Did you ever need to compare 2 lists and test it for duplicities? The easiest way to do it in Excel is to use standard functions as VLOOKUP. Sometimes though, we might need to compare 2 lists where one of them contains typos. Here, Fuzzy lookup comes into play (can be downloaded here).
Typical example is manually maintained database (of people, companies etc.) in Excel. We want to add more records into this evidence from time to time. But before the addition, we want to verify if the added data are not already present in the list. This counts also for cases when we want to add records where the risk of typos exists.
Fuzzy Lookup Example in Excel
Let’s have a list as displayed below (imagine thousands of items). In it, evidence of companies and their web pages. We want to maintain the list without duplicities and broaden it with new data. We therefore need to make sure that the company we want to insert into list is not already present.
The list looks like this:
We want to add more companies into the list. I prepared a list of candidates for insertion into the evidence by copying few companies from the main list. In some of the, I made a typo on purpose (in red). Let’s check it by fuzzy lookup and see if it reveals that the companies are already in the list.
If we would search for duplicities on the basis of VLOOKUP, it would find companies as Chevron, AFLAC, Charter Communications and Coca- cola as new. That would obviously be incorrect. Fuzzy lookup is here to help us detect typos.
Steplist – Fuzzy Lookup Example
1) Install Excel addin from Microsoft web. New bookmark named Fuzzy lookup will appear after the installation.
2) Mark both lists as named area or format the list as a table. If not, it will be impossible to link to the area in fuzzy lookup. Then, add both lists to fuzzy lookup area. Left table will be the table containing data for addition and right table will be containing the list. All columns that will appear in Left/right columns section must be marked, then click on the icon. By doing this, you will set what to compare. Finally, click on GO.

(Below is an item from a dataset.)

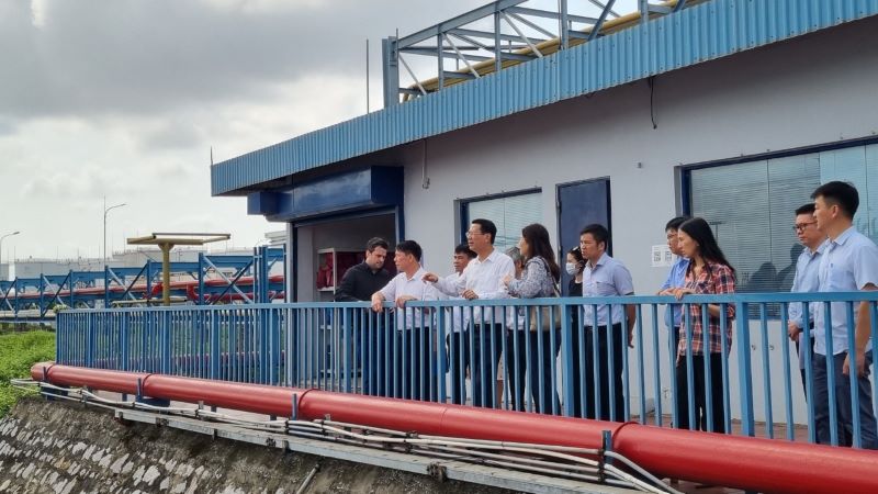 Đoàn khảo sát tại khu vực xử lý nước thải trong KCN

3) Result is a table describing degree of similarity between the 2 lists. It says it through the Similarity number with value between 0 – 1. Closer the number is to 1, the higher is the similarity of the two items from both of the lists (1 meaning absolute match).
Evaluation: All items are duplicates since they have high degree of similarity. No record would be inserted into our list:
- Similarity = 1 means absolute match
- Similarity >= 0,8 means that company and web page already exist in the list. It seems that we are trying to insert company again, but with a typo (which is correct)
- Similarity <0,8 here the degree of similarity is lower, but still high. In our case, it is Charter Communication that haves a mistake in the name of the company and web page address. Second company is Koka-Loka, which haves identical web page and different name. Fuzzy lookup detected high probability of duplicity based on web page match.